Very nice looking piece,great start.


----------



## firehawkmph (Apr 26, 2008)

Eugene,
Looks good, now you're hooked. At one of our club demos, the fellow doing the turning told us he was making a 'pocket butler'. I thought it was something to keep in your pocket to hold your money. I couldn't picture what he was talking about. He proceeded to turn a bowl about the size you have here. It is intended to put on your dresser to hold your wallet, change, etc. Hence the 'pocket butler'. Yours looks like it would work great for that. Keep going.
Mike Hawkins:thumbsup:


----------



## Carl J (Nov 11, 2008)

*Nice work*

Looks like one I made many years ago but yours turned out better.:smile:

Keep up the good work
Carl


----------



## The Mind Train (Nov 10, 2008)

*Excellent work*

Looks like you have turned a really nice piece there. Much better than my first bowl attempt which burst apart on the lathe and flew around the workshop. My fault for attempting to use meranti I suppose.

What is the finishing product you have used? I started to use walnut oil on my bowls in an attempt to make them food safe until someone pointed out that is not very safe for people with nut allergies  Oh well, we live and learn. 

I have just posted some pics of me turning a bowl in the photo-galleries. Can anyone spot what I am doing wrong with the bowl-gauges?

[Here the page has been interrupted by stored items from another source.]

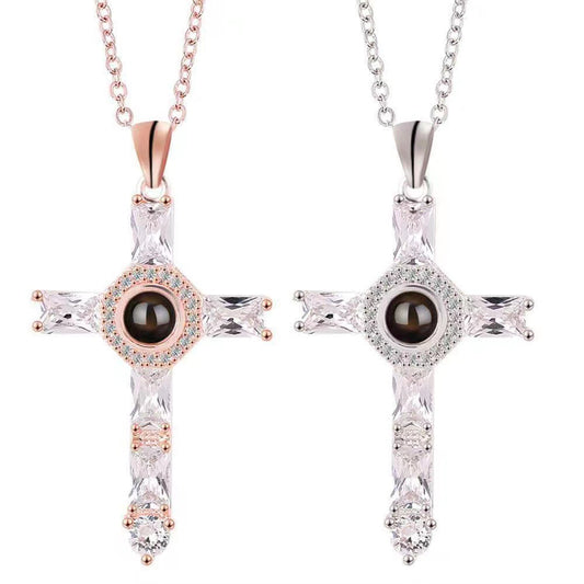 Noble Fashion Cross Inlaid Gem Design Projection Necklace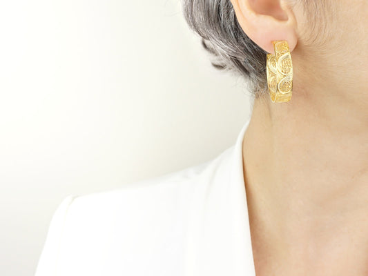 Brincos Meias Argolas Ondas, Médias, Filigrana Portuguesa, Prata de Lei 925 Dourada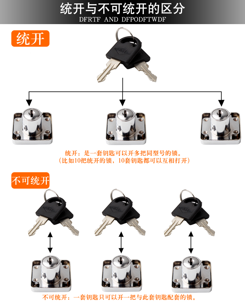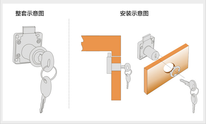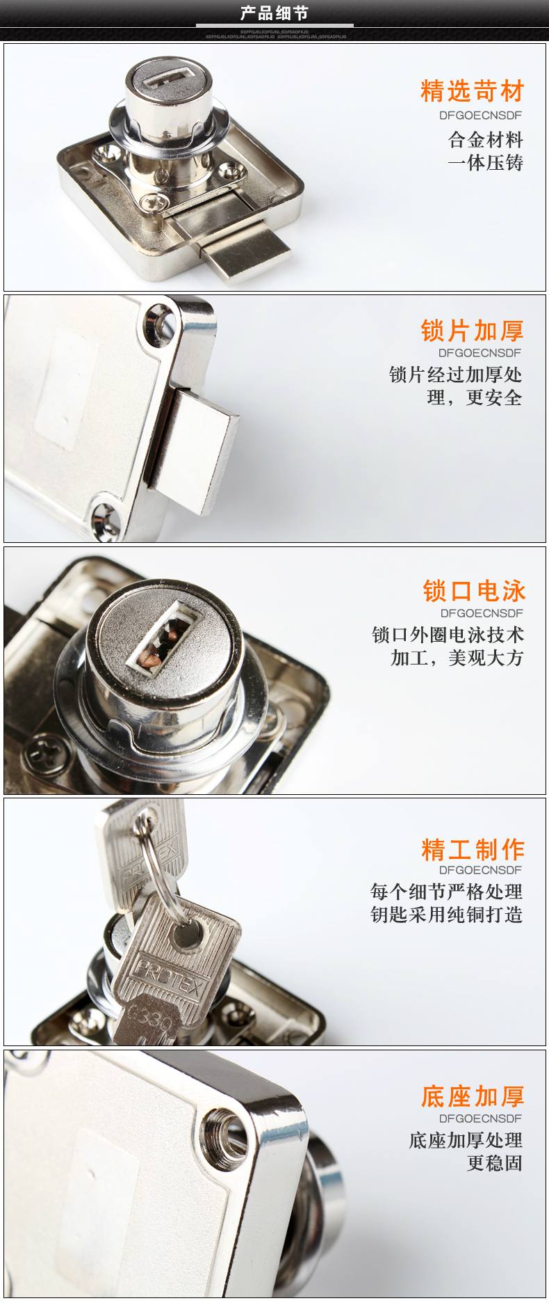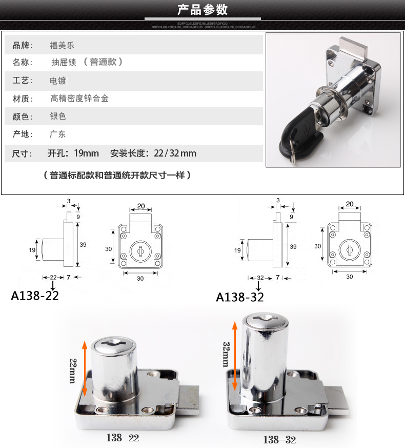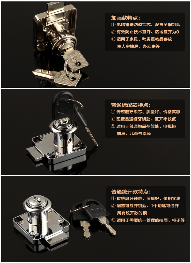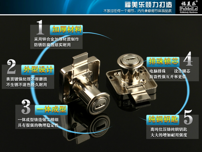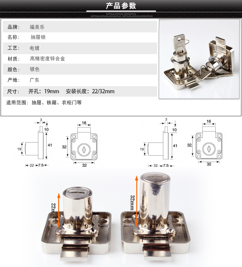 福美乐电脑防盗钥匙抽屉锁 办公桌文件柜锁家用衣柜柜门柜子锁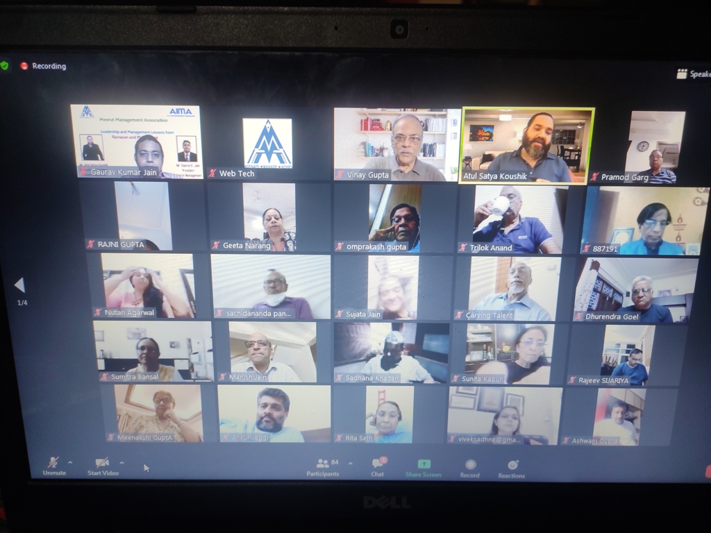 A webinar was organized by Meerut Management Association on 5th September 2020 via Zoom. Theme of this webinar was Leadership and Management Lessons from Ramayan and Mahabharat. The eminent speaker was Mr. Atul Satya Koushik, Famous Playwriter, Director, Producer, Promoter and Motivational Speaker. Mr. Gaurav Jain, President, MMA was the moderator of the webinar. Members exchanged questions and additional inputs as a part of knowledge sharing session. The webinar was widely appreciated by all attendees.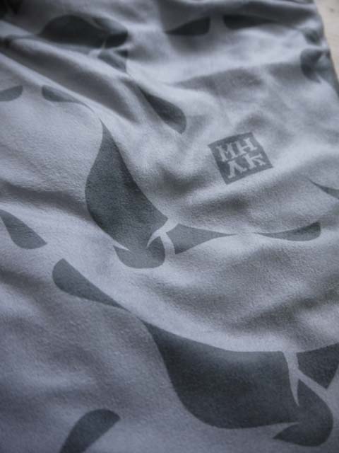 袖裏にはフリース生地を切り替えMHAK氏のテキスタイルをプリント。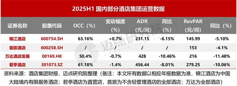 亚朵集团:未单独公布半年报经营指标,据其2025Q2财报显示,二季度,亚朵集团整体平均可出租客房收入(RevPAR)343元,为2024年同期的95.7%;日均房价(ADR)达433元,为2024年同期的98.2%;入住率(OCC)76.4%,为2024年同期的97.4%。即相比去年同期,三大经营指标同比亦呈下滑。
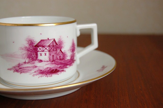 白磁に紫の葡萄色(ヘキストの基本色)一色でノスタルジックに描かれたライン川の風景、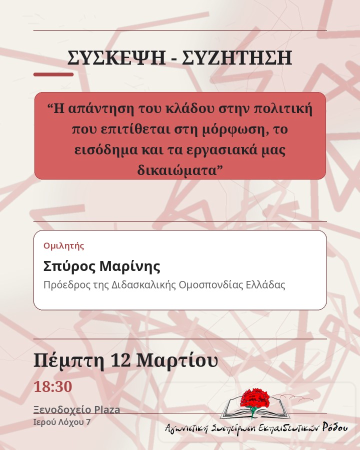 Στο πλαίσιο αυτό, η Αγωνιστική Συσπείρωση Εκπαιδευτικών Ρόδου διοργανώνει την Πέμπτη 12 Μαρτίου, στις 18:30, στο ξενοδοχείο Plaza, σύσκεψη-συζήτηση με θέμα: «Η απάντηση του κλάδου στην πολιτική που επιτίθεται στη μόρφωση, το εισόδημα και τα εργασιακά μας δικαιώματα», με ομιλητή τον Σπύρο Μαρίνη.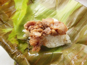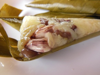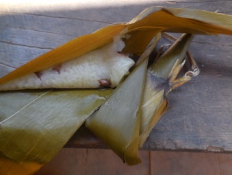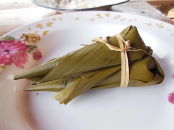 チェンライMFUの学生さんがおやつに持参した鶏肉の具の乗ったチマキ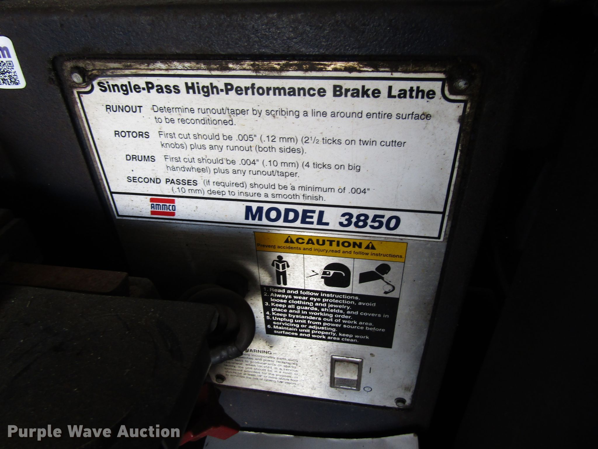 Purple Wave is selling a used Tools in Iowa. This item is a Ammco 3850 brake lathe with the following: Extra fitting/accessories, Manuals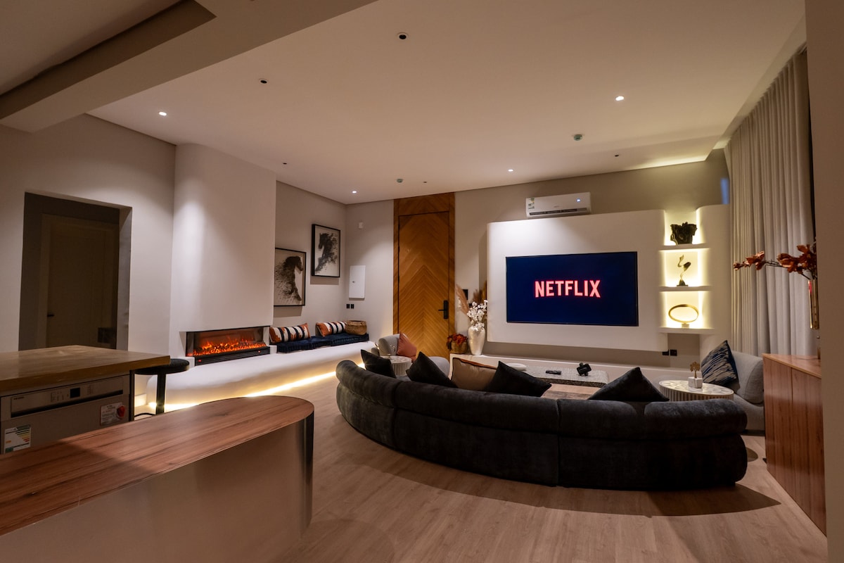Modern 1BR in Hittin, one of Riyadh’s prime locations, minutes from Boulevard City and top cafes. Designed for comfort and ease with self check-in and a full smart system. Features a cozy living area, comfortable bedroom, 85” Smart TV, and an elegant electric fireplace for a relaxing atmosphere. Fully equipped kitchen with oven, microwave, electric stove, dishwasher, and washing machine. Clean, stylish, and ideal for couples, business travelers, and short or extended stays.
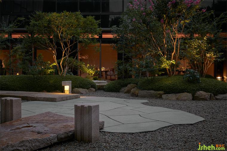 從不同角度看,庭院與餐廳互為內(nèi)外又彼此共融,庭院不過分營造,內(nèi)部不刻意炫技,旗鼓相當(dāng)而激發(fā)出大力道,借勢大江河,餐廳設(shè)計(jì)兼具內(nèi)斂與疏闊。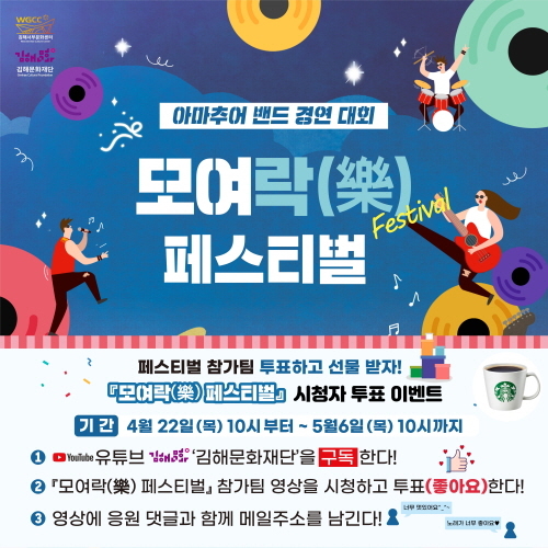 김해문화재단 김해서부문화센터에서 진행하는 아마추어 밴드 경연 대회 ‘모여락(樂) 페스티벌’의 시청자 투표가 오는 22일 오전 10시부터 시작된다. 영상은 재단 공식 유튜브 채널 ‘온택트 김해문화’에 공개될 예정이다.

The tips get very hot.


----------



## Tony B (Jul 30, 2008)

*Nice work Eugene*

You will always remember your first. 

Keep it up


----------



## Kenbo (Sep 16, 2008)

Great job. (I wish that I had $10.00 for every time I said that on this forum) There are definately a lot of talented people on this site. :thumbsup:


----------



## jdixon (Nov 21, 2007)

Nice job Eugene! That sweetgum sure has a pretty grain pattern. 

John


----------



## Daveb (May 3, 2007)

I really like it. Being new to this, I have not yet tried anything other than small spindle type work. So I need to try some facework soon. You've given me the incentive!


----------



## dbhost (Jan 28, 2008)

Looking sharp!


----------



## red (Sep 30, 2008)

Looking good. Someday I will have to get set up to do some turnings. I like the wood grain. Red


----------



## EugeneInNC (Aug 18, 2008)

Thanks for all the kind words and for looking. You all really help give a new turner incentive to keep practicing.
Eugene


----------